Prediction #4: The “Learning Tech Stack” will enter the strategic conversation
Continuing on I2IDL’s top ten predictions for learning technologies and data infrastructure in 2026, our fourth prediction is that the “Learning Tech Stack” enters the strategic conversation.
(ICYMI, check out Prediction #3 about automated metadata generation.)
Confidence Level: 4/5 ★★★★☆
A tech stack is the complete set of technologies, tools, and software used to build and run a digital system. Think of it as the collection of building materials, architectural plans, and construction tools needed to build a house. Modern software teams assemble tech stacks from best-of-breed software services (for example, Stripe for payments, Twilio for communications, Datadog for observability), with each service communicating via standardized APIs.
In 2026, I2IDL predicts that this architectural pattern will gain visibility as a model for learning technology. We’re referring to the idea that analytics engines, personalization algorithms, and adaptive services could exist as standalone microservices plugged into any learning ecosystem, rather than locked within monolithic platforms. Expect the concept to surface in standards body discussions, conference presentations, and vendor positioning, particularly among those building on a Total Learning Architecture (TLA)–enabled infrastructure. Forward-thinking organizations will begin asking vendors pointed questions about API access to analytics and whether personalization capabilities can be decoupled from platform lock-in.
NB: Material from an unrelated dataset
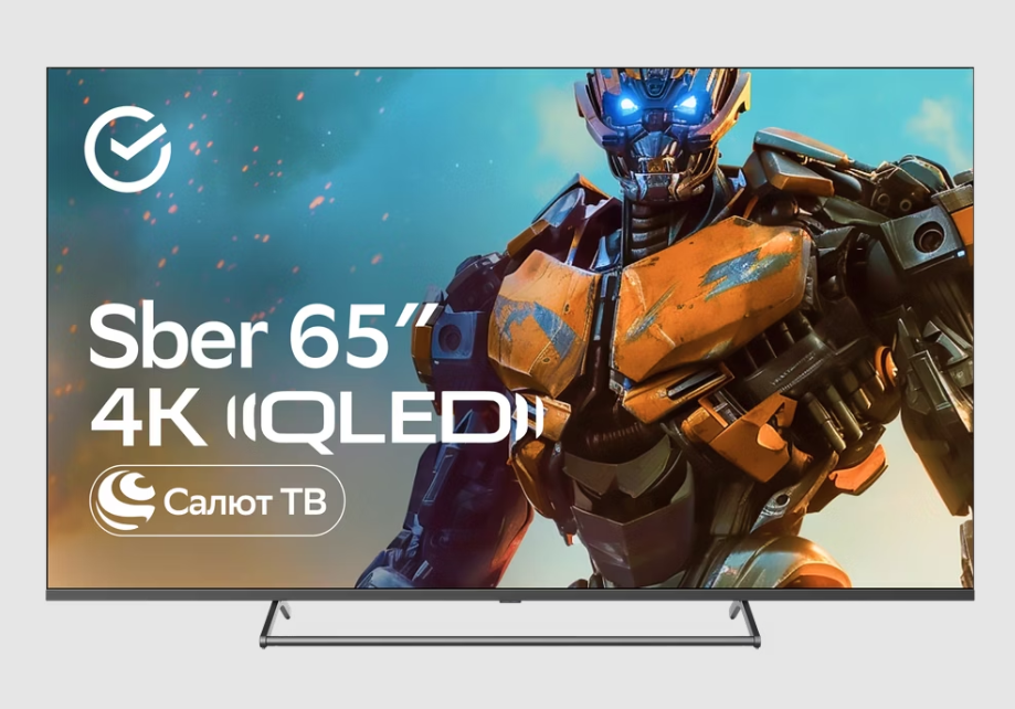 - Умный безрамочный телевизор Sber из новой коллекции на стильном моностенде. Яркий и чёткий UHD-экран с технологией QLED и диагональю 65″. Также есть двухдиапазонный Wi-Fi, улучшенный звук и увеличенная оперативная память.
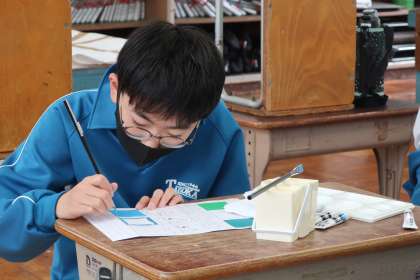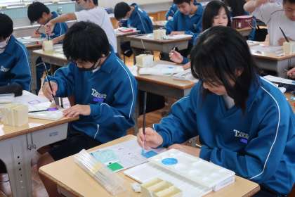 「指定された比率で混色し、平塗りをしよう」をテーマに、作品づくりの基礎的な技能を身につけていました。

Widespread adoption is likely still years away. Most organizations lack the data infrastructure to consume such services, and L&D procurement still centers on platforms rather than components. But the conceptual shift matters. Just as “modern data stack” became an organizing framework before most companies actually assembled one, “learning tech stack” thinking will begin shaping how organizations evaluate vendors and architect infrastructure. Organizations planning learning technology investments this year should consider whether their choices enable or foreclose a future of composable, best-of-breed system of systems.
A note of caution, though: Single solution vendors also have business incentives to become monolithic platforms with comprehensive sets of features. Many established LMS vendors will likely market their platforms as Integrated! and Open! while remaining architecturally monolithic. Historically we’ve seen examples of this with student information and content management.
So what? For the standards community, this is a call to articulate how decoupled services fit within a broader digital learning ecosystem (via the TLA)—what conformance means for an analytics microservice, how data flows between components, and what quality assurance looks like for pluggable algorithms. For vendors building analytics or personalization capabilities, 2026 is the year to position for this future: demonstrate interoperability, publish reference implementations, and target early adopters who can validate the model. For learning engineers and architects, the practical imperative is to build infrastructure that keeps options open—clean xAPI instrumentation, well-governed LRS deployments, and vendor contracts that don’t lock away your data. The organizations that treat interoperability as a strategic asset today will be the ones capable of assembling best-of-breed learning stacks when the market catches up.